Feb 2, 2026
Maxwell
Patrick Duffy, Emlyn Graham, Josh Tuffy
Maxwell: A Mechanism for Compute Permitting under Imperfect Monitoring
Traditional command-and-control governance fails when monitoring is imperfect or expensive. We introduce 'Sovereign Subsidies', a novel cryptoeconomic mechanism (ERC-20 + Slashing) that aligns private profit with public safety.
Using a multi-agent simulation (Rust/Solara) and a conversational interface (ElevenLabs), we demonstrated that a $0.84 subsidy is sufficient to deter defection even with <5% audit frequency. This effectively solves the "Imperfect Monitoring" problem in compute governance.
The tradeoff presented is excellent and the results are intriguing. The central result-- that penalty size doesn't really seem to matter relative to p(getting caught)-- is a bit confusing and makes me want to ask the authors more details about how their model works.

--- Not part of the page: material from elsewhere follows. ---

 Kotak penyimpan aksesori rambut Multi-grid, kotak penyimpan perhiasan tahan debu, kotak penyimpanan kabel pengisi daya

To be very simple about it, there is definitely a penalty that is large enough such that the difference between a 10% and 30% chance of getting caught would meaningfully change behavior. There are other simple "gut checks"//"sanity checks" like this that call into question some of the modeling assumptions.
Nonetheless, it's an interesting challenge/tradeoff and the authors deserve credit for attempting to model it quantitatively in such a short timeframe.

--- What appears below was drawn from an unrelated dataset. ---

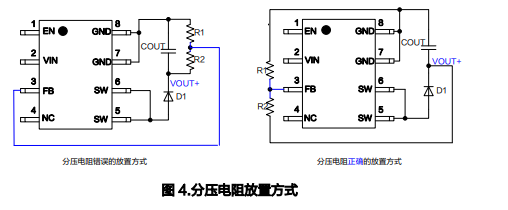系统回路中反馈走线也很重要,FB 引脚负责调整,稳定输出电压,为防止反馈引脚捡取到电路上噪声,应尽可能减小 FB 引脚节点。针对 FB 节点,需要让分压电阻靠近芯片的 FB 与 GND 引脚;并且反馈走线要远离电感,肖特基,SW 等开关节点,同时用 GND 走线包围最佳,如“图 4”所示。

The "verification valley" is the headline here, and it's a genuinely useful concept for policy people to have in their vocabulary. But once you hear it, it's kind of obvious: half-assed monitoring catches some cheaters (who then get punished) without actually deterring anyone. You end up paying for enforcement that doesn't work. The model tells you this formally, which has value, but it's not exactly a surprise.
The bigger issue is that everything here lives in math-land. Every parameter is made up. No attempt to calibrate against, say, the IAEA's actual detection rates for nuclear material accounting, or carbon market compliance data, or anything real. Even one grounded parameter would change this from a toy model into something a policy person could point to.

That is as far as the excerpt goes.